Federation of Hong Kong Industries chairman Cliff Sun Kai-lit said yesterday that most Hong Kong employers across the border were paying more than the minimum wage and had increased communication with workers through labour unions after a series of strikes and rallies.
The past few weeks have seen a spate of suicides at iPhone maker Foxconn's factories in Shenzhen, strikes at carmaker Honda's component factories in Zhongshan and Foshan, and worker rallies at Taiwanese and state-owned factories in a number of other provinces.
As a result, Foxconn raised monthly wages of frontline workers by 30 per cent to 1,200 yuan (HK$1,366) on June 1 and promised another 66 per cent rise to 2,000 yuan in October.
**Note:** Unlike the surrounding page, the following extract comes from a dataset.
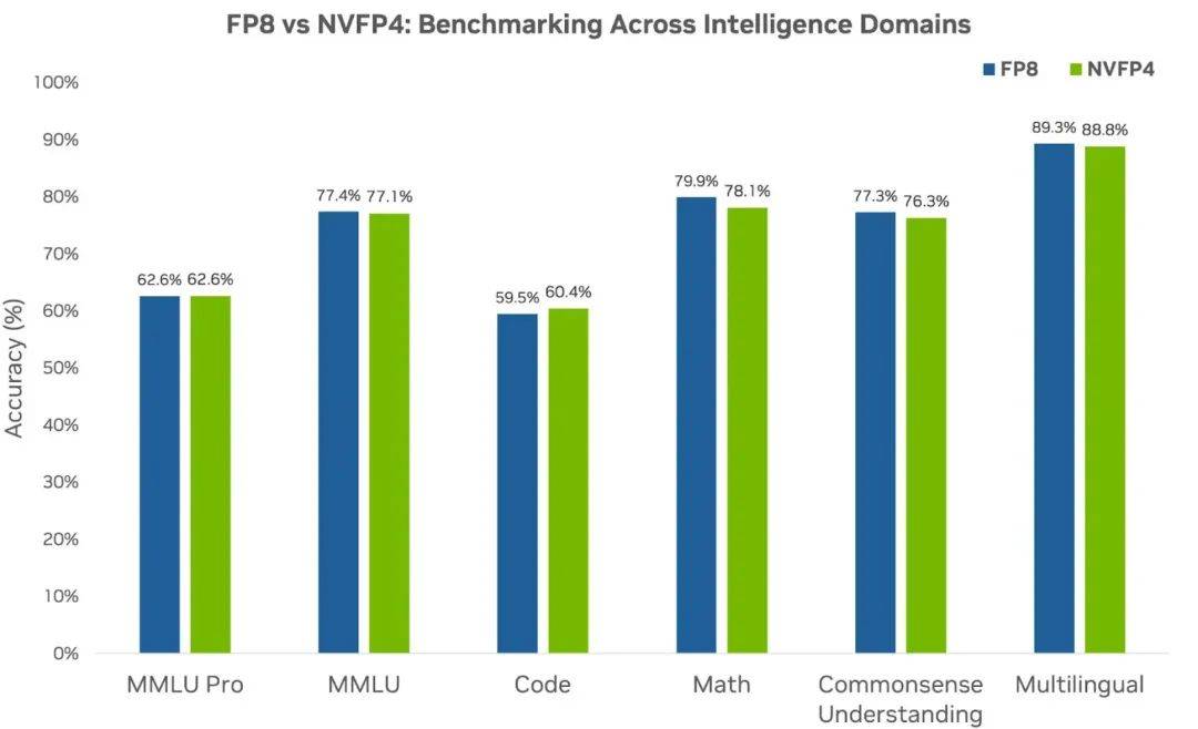 相比于以往训练常用16位(FP16/BF16)或8位(FP8)精度,而NVFP4将精度进一步压缩到4位,在保持模型精度的同时大幅提升训练速度和算力利用率。
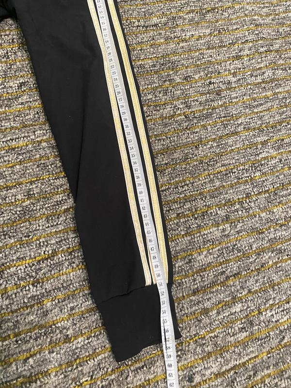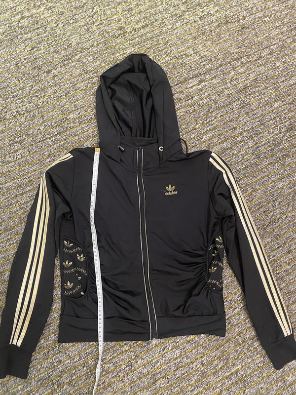 Без дефектов. Немножко посветлели золотистые полоски. Ткань - масло, хорошо тянется и садится по фигуре. Штаны клешевые. Кофта с карманами, на замочке, с капюшоном

Honda Lock, the component factory in Foshan, lifted monthly pay by 33 per cent to 2,544 yuan.
'The biggest fear is that the unrest may spread,' Sun said. 'Hong Kong factory owners have beefed up workers' benefits and welfare to avoid any labour problems.'
Sun, whose 1,000-worker factory in Longgang, Shenzhen, produces Kinox stainless steel kitchenware, said lower-paid workers were given a rise of 15 per cent on May 1, translating into average wages of 1,100 yuan a month, while higher-paid workers received an 8 per cent increase to an average of 5,000 yuan.